For, the release of funds, however permanent or temporary, is being calibrated according to the developments in Afghanistan and the requirement of Pakistan’s political support. Having entered into an alliance with Pakistan with the OIC configuration in place in support of the counter-terrorism coalition, Pakistan’s cooperation is to be retained. However, there are disagreements which, if not managed, would either harm the fragile coalition or would necessitate a change in the overall strategy that the moderates amongst the coalition leaders would not prefer. The disagreements are about the duration of the military operation in Afghanistan, the military strategy to dislodge the Taliban, and the composition of the new Afghan government. While Pakistan would want a short operation based on the elimination of the Afghan leader, the coalition leaders would much rather have all the Afghan fighters eliminated while they remain organized behind the leader. And, while the coalition leaders would not like the inclusion of Taliban in the new government, Pakistan would prefer to have moderate Talibans in the new government. Even though, the US Secretary of State concurs with the Pakistani position, it appears to be an agreement on the surface due to expediency. For, the other regional players including Iran, Russia, and India are encouraged to voice their opposition to Pakistan’s proposal regarding the composition of the new government.

As the military strategy and the political strategy have not moved in step in Afghanistan, the task of keeping the coalition intact will require an even more deft touch. Inducements will, therefore, be offered to retain the coalition partners. It is in the above context that the suspension of sanctions, concessional aid, refugee expense compensation, and market access should be viewed. The degree of each one of the above economic measures will remain contingent on the pace and direction of the movements in the politico-military strategy in Afghanistan. The fine prints will need to be read continuously by the recipient country which too will need to coordinate its economic policy with its own political outlook towards the crisis. For, wrong and/or ambitious moves might dilute whatever economic inducements are being offered.

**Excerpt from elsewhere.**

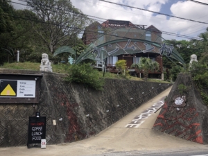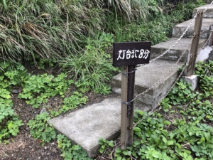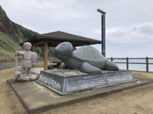 笠利崎観光公園と笠利崎灯台 アヤマル岬から北に約20分程度で到着。 灯台の手前約300mに「夢をかなえるカメさん」がありました。 細いチェーン付手すり階段を注意しながら登ると灯台がありました。

Or, a lack of flexibility on some political aspects might even provoke a substitution of economic inducements with coercive political measures.

Space for the hawks amongst the coalition leaders would thus be created who would redefine friends and foes and appropriate strategies for each. Pakistan should try to steer clear from this latter worst case scenario. However, aid today is no guarantor of aid tomorrow or in the future. Pakistan’s political response to the continuously evolving counter-terrorism scenario will keep determining the nature and quantum of external financial assistance which will remain a moving target for the recipient coalition partners aiming at it.